Several trials have compared breast-conserving surgery plus postoperative radiotherapy with breast-conserving surgery alone, and all have shown an increased risk of local recurrence if radiotherapy is omitted but no difference in survival. One of the largest of these trials, the National Surgical Adjuvant Breast and Bowel Project (NSABP) B-06 study, which began in 1976 and included women with breast tumors up to 4 cm in diameter, showed that patients treated with lumpectomy alone had a rate of local recurrence of 39 percent after 20 years of follow-up, as compared with a rate of only 14 percent for those who also received radiotherapy.2 Standard practice has therefore been to provide radiotherapy after conservative surgery for all patients, making the goal of identifying women who may not need this additional treatment elusive.

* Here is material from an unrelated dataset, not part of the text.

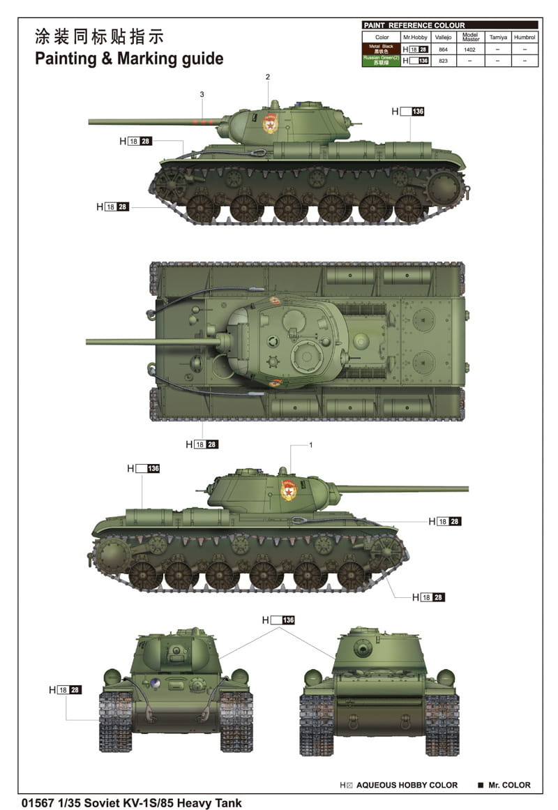 TRUMPETER 01567 1:35 Soviet KV-1S/85 Heavy Tank
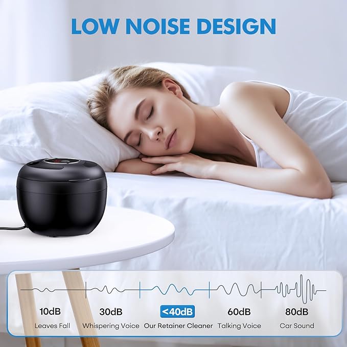 - 【Ultrasonic Cleaning】Utilizing 45,000Hz high-frequency ultrasonic technology, the retainer cleaner generates millions of micron-scale cleaning bubbles per second, penetrating deep into the tiniest gaps to remove 99.99% of stubborn stains. High-frequency vibration ensures efficient cleaning while being gentle and harmless to the dental appliances. Ideal for dental appliances (retainers, dentures, aligner, mouth guards, night guards, toothbrushes) and even jewelry & accessories.

Since these trials were started, imaging and tumor-localization techniques have improved, and the need for histologically clear resection margins to minimize the risk of local recurrence has been recognized. In addition, there is now widespread use of adjuvant medical therapy, including tamoxifen, which reduces the risk of local recurrence3 and improves survival. Against this changing background, two new trials reported in this issue of the Journal have reevaluated the need for radiotherapy after breast-conserving surgery.
The first trial, reported by Fyles and his Canadian colleagues, involved women 50 years of age or older.4 Despite the use of tamoxifen and a requirement of clear resection margins for all patients, the results reflect those of earlier trials. Women who did not receive breast radiotherapy had a significantly higher rate of local relapse at five years than those who did (7.7 percent vs. 0.6 percent), with no significant differences in the rates of distant relapse, overall survival, or death from breast cancer. The trial design could be called into question for including women with tumors as large as 5 cm in diameter and for not requiring a hormone-receptor–positive status as a criterion for eligibility. Even allowing for this approach, a planned analysis of women with estrogen-receptor–positive tumors no more than 2 cm in diameter still showed a significant and clinically relevant reduction in the rate of local relapse for those treated with radiotherapy; after eight years this rate was 3.6 percent in the group given tamoxifen plus radiotherapy and 15.2 percent in the group given tamoxifen alone. These results reinforce findings from another recent trial — the NSABP B-21 study — in which the addition of radiotherapy to lumpectomy and tamoxifen for tumors that were 1 cm in diameter or less significantly reduced the risk of local recurrence.5
The second Cancer and Leukemia Group B (CALGB) C9343 trial, reported by Hughes et al.,6 was more restrictive. It included only women 70 years of age or older who had tumors that were positive for estrogen receptors (or had an unknown receptor status) and were no greater than 2 cm in diameter. Such women represent a large subgroup (approximately 40,000 women annually) of patients with breast cancer in the United States on the basis of data from the Surveillance, Epidemiology, and End-Results Program,7 and results in this group have important implications concerning the use of medical resources. Paradoxically, women 70 years of age or older were specifically excluded from some of the earlier trials, including the NSABP B-06 trial. The CALGB trial also showed a significant increase in the five-year rate of local or regional recurrence among women treated with lumpectomy and tamoxifen alone, as compared with women who also received radiotherapy. In contrast to the results of other trials, however, the absolute difference was small (4 percent vs. 1 percent), and there were no significant differences in the subsequent need for mastectomy, the risk of distant metastases, or survival between the two groups.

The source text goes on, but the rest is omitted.